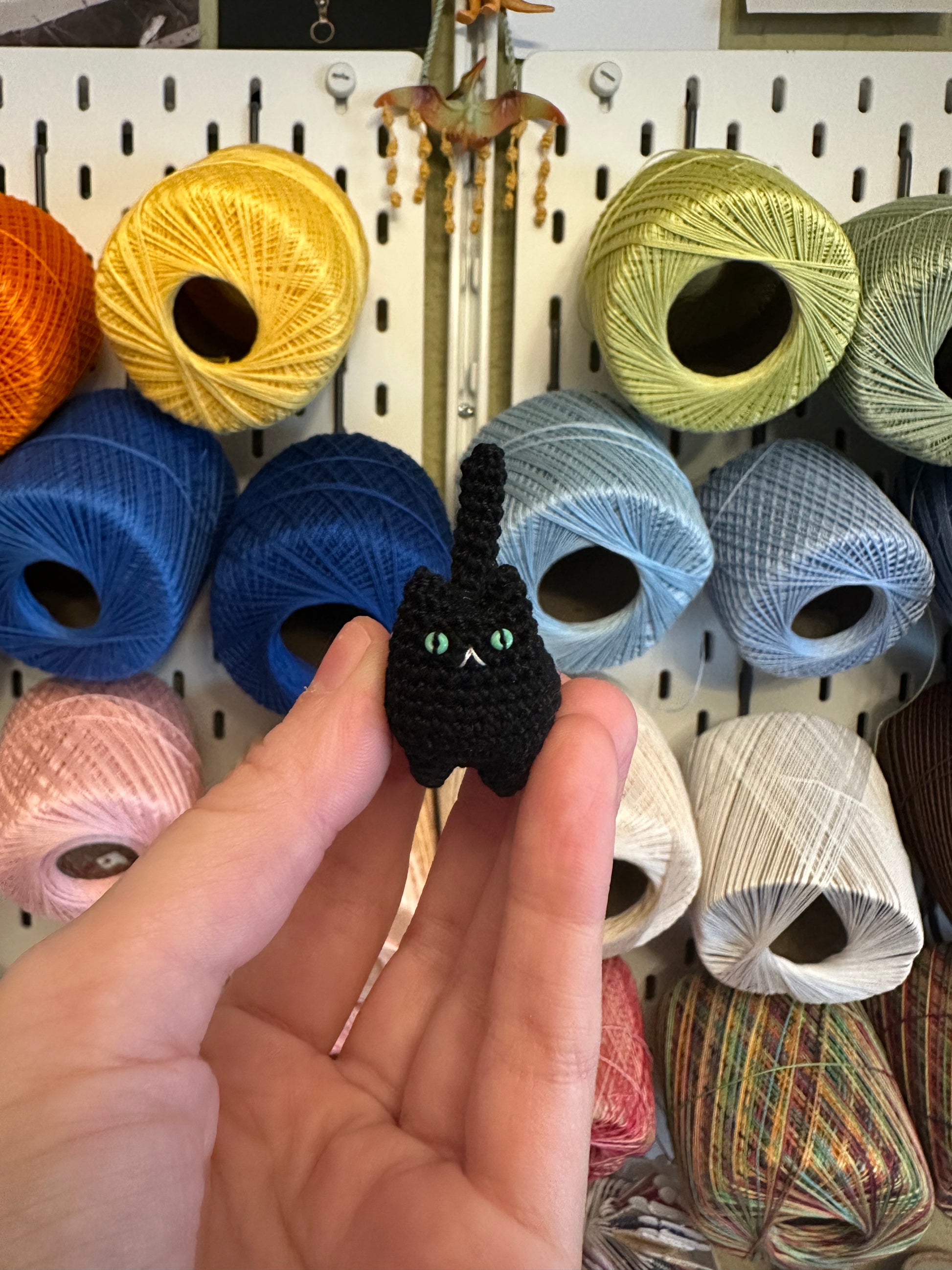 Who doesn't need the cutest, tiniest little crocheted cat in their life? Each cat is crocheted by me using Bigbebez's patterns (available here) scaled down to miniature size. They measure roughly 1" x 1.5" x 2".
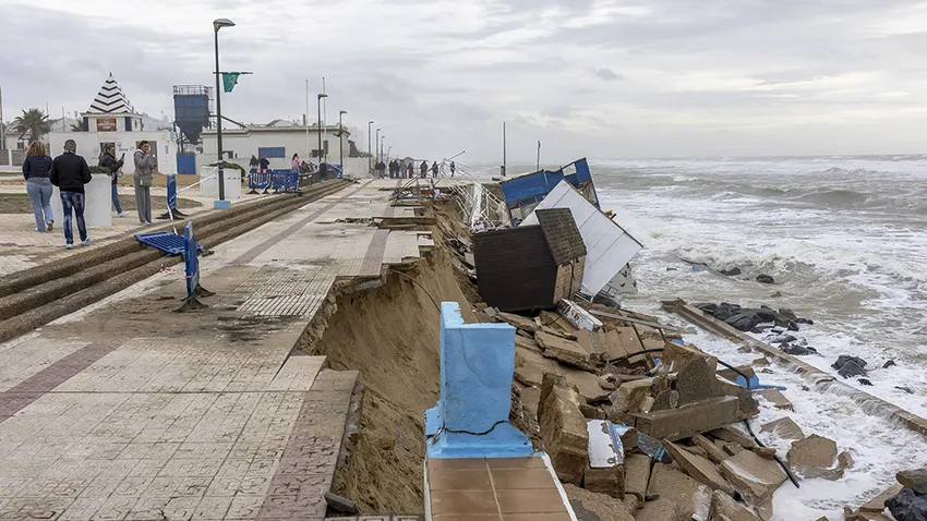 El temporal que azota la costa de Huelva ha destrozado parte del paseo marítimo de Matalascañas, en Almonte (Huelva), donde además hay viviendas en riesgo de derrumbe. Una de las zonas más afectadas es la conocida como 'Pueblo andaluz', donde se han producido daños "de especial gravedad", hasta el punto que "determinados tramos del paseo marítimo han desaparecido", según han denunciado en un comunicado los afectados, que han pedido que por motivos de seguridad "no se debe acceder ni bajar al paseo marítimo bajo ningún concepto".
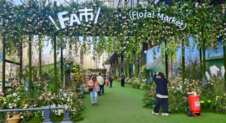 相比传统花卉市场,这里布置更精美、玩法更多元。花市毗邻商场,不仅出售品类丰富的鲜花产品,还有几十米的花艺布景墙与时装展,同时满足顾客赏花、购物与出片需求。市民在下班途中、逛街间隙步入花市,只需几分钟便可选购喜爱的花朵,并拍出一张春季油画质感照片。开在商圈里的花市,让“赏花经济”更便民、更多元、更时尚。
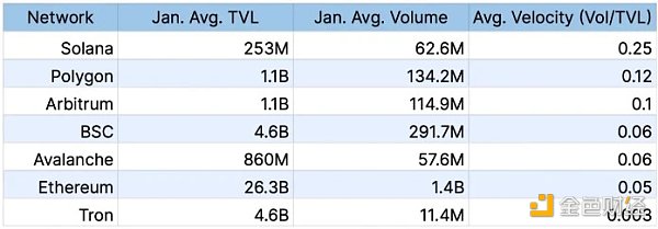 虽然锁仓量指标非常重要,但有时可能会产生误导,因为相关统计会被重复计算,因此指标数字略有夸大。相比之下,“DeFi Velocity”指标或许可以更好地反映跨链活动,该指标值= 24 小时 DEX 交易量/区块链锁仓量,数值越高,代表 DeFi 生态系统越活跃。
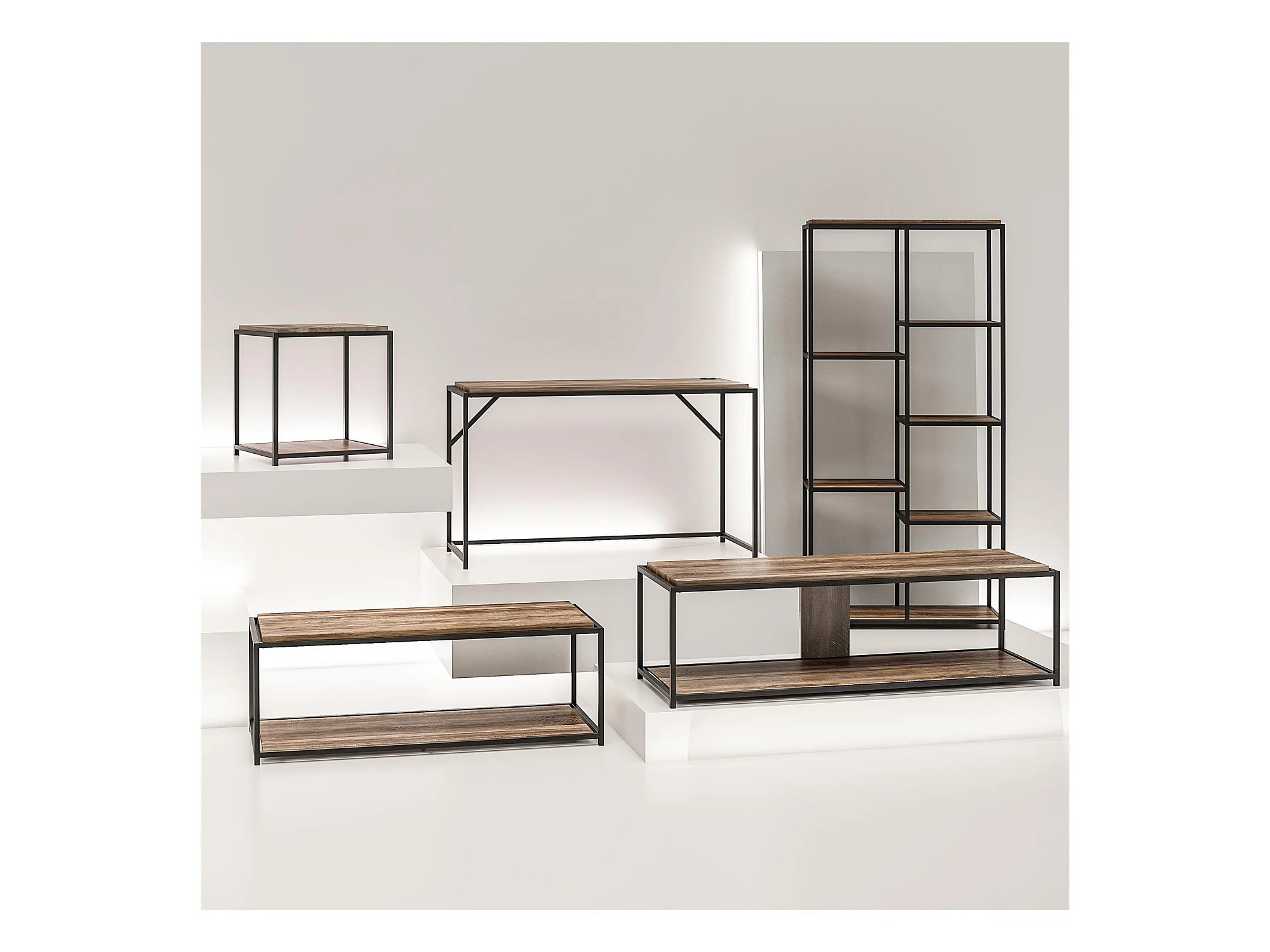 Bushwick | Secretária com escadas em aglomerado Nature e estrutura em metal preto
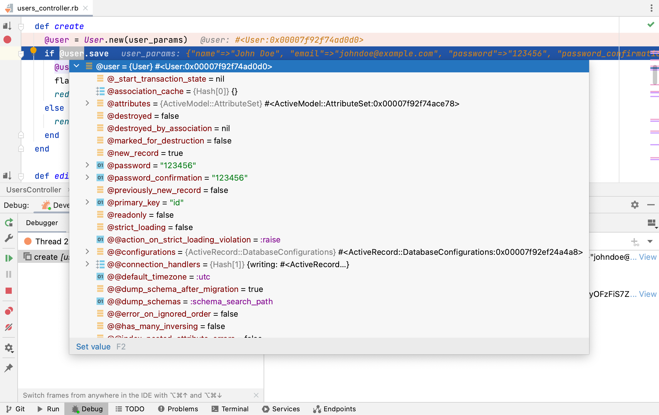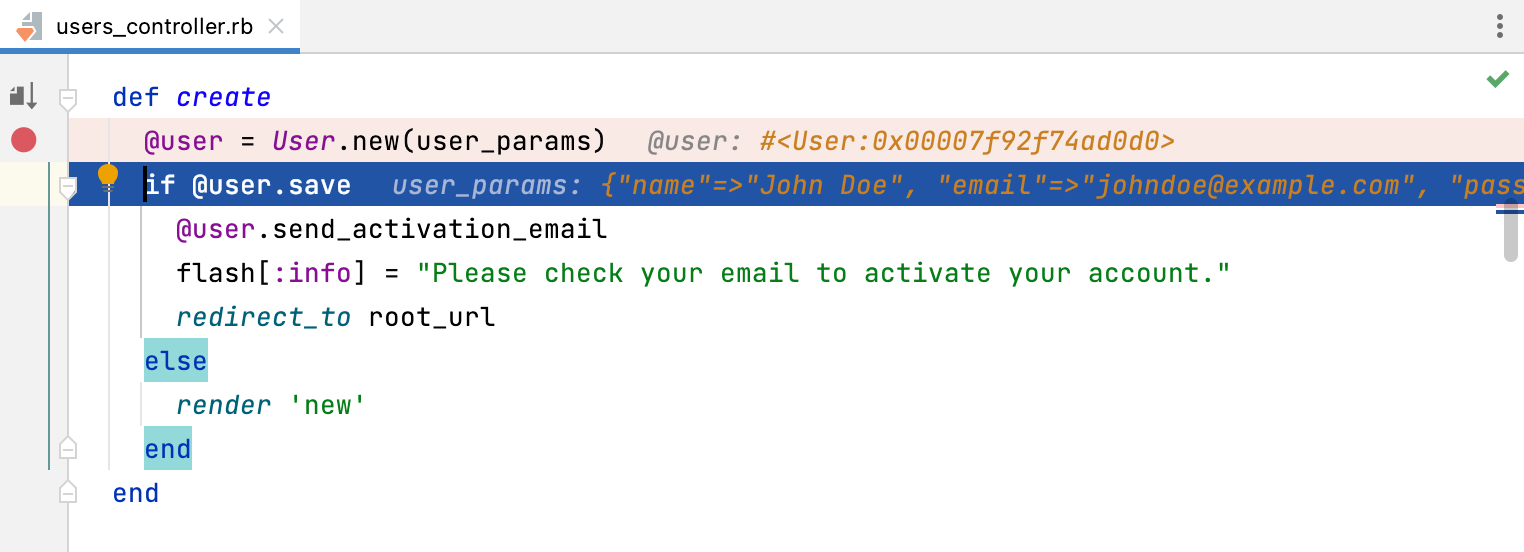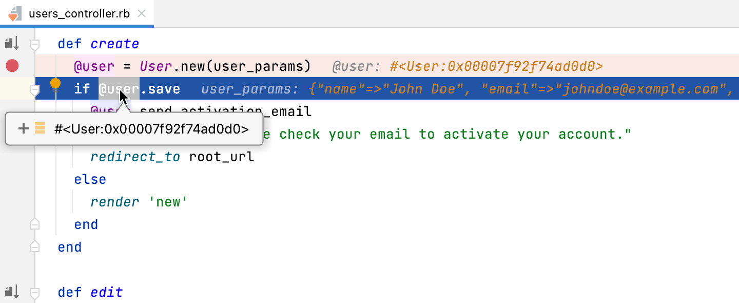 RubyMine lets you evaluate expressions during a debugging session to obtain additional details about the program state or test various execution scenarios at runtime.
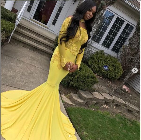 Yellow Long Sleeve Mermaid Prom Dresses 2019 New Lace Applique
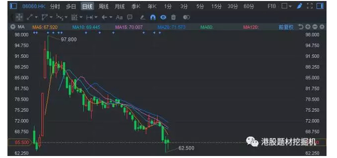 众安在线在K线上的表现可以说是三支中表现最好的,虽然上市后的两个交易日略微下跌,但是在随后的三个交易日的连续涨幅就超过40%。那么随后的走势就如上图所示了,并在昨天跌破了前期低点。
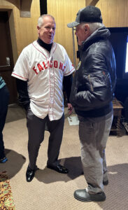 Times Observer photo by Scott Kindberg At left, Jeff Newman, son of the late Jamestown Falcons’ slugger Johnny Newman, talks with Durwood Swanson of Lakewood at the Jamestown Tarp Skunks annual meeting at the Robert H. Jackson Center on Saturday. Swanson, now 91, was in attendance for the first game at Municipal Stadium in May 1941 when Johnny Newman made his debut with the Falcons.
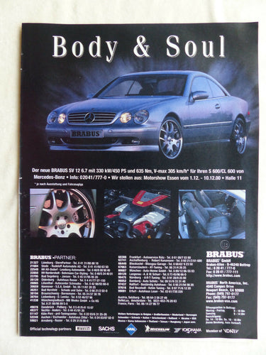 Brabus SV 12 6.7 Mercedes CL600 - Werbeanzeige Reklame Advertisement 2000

------------------------------

** What you need to do **
Please write the material out again exactly as shown above, minus any pictures.

** Written solution **
 Who doesn't need the cutest, tiniest little crocheted cat in their life? Each cat is crocheted by me using Bigbebez's patterns (available here) scaled down to miniature size. They measure roughly 1" x 1.5" x 2".
 El temporal que azota la costa de Huelva ha destrozado parte del paseo marítimo de Matalascañas, en Almonte (Huelva), donde además hay viviendas en riesgo de derrumbe. Una de las zonas más afectadas es la conocida como 'Pueblo andaluz', donde se han producido daños "de especial gravedad", hasta el punto que "determinados tramos del paseo marítimo han desaparecido", según han denunciado en un comunicado los afectados, que han pedido que por motivos de seguridad "no se debe acceder ni bajar al paseo marítimo bajo ningún concepto".
 相比传统花卉市场,这里布置更精美、玩法更多元。花市毗邻商场,不仅出售品类丰富的鲜花产品,还有几十米的花艺布景墙与时装展,同时满足顾客赏花、购物与出片需求。市民在下班途中、逛街间隙步入花市,只需几分钟便可选购喜爱的花朵,并拍出一张春季油画质感照片。开在商圈里的花市,让“赏花经济”更便民、更多元、更时尚。
 虽然锁仓量指标非常重要,但有时可能会产生误导,因为相关统计会被重复计算,因此指标数字略有夸大。相比之下,“DeFi Velocity”指标或许可以更好地反映跨链活动,该指标值= 24 小时 DEX 交易量/区块链锁仓量,数值越高,代表 DeFi 生态系统越活跃。
 Bushwick | Secretária com escadas em aglomerado Nature e estrutura em metal preto
 RubyMine lets you evaluate expressions during a debugging session to obtain additional details about the program state or test various execution scenarios at runtime.
 Yellow Long Sleeve Mermaid Prom Dresses 2019 New Lace Applique
 众安在线在K线上的表现可以说是三支中表现最好的,虽然上市后的两个交易日略微下跌,但是在随后的三个交易日的连续涨幅就超过40%。那么随后的走势就如上图所示了,并在昨天跌破了前期低点。
 Times Observer photo by Scott Kindberg At left, Jeff Newman, son of the late Jamestown Falcons’ slugger Johnny Newman, talks with Durwood Swanson of Lakewood at the Jamestown Tarp Skunks annual meeting at the Robert H. Jackson Center on Saturday. Swanson, now 91, was in attendance for the first game at Municipal Stadium in May 1941 when Johnny Newman made his debut with the Falcons.
 Brabus SV 12 6.7 Mercedes CL600 - Werbeanzeige Reklame Advertisement 2000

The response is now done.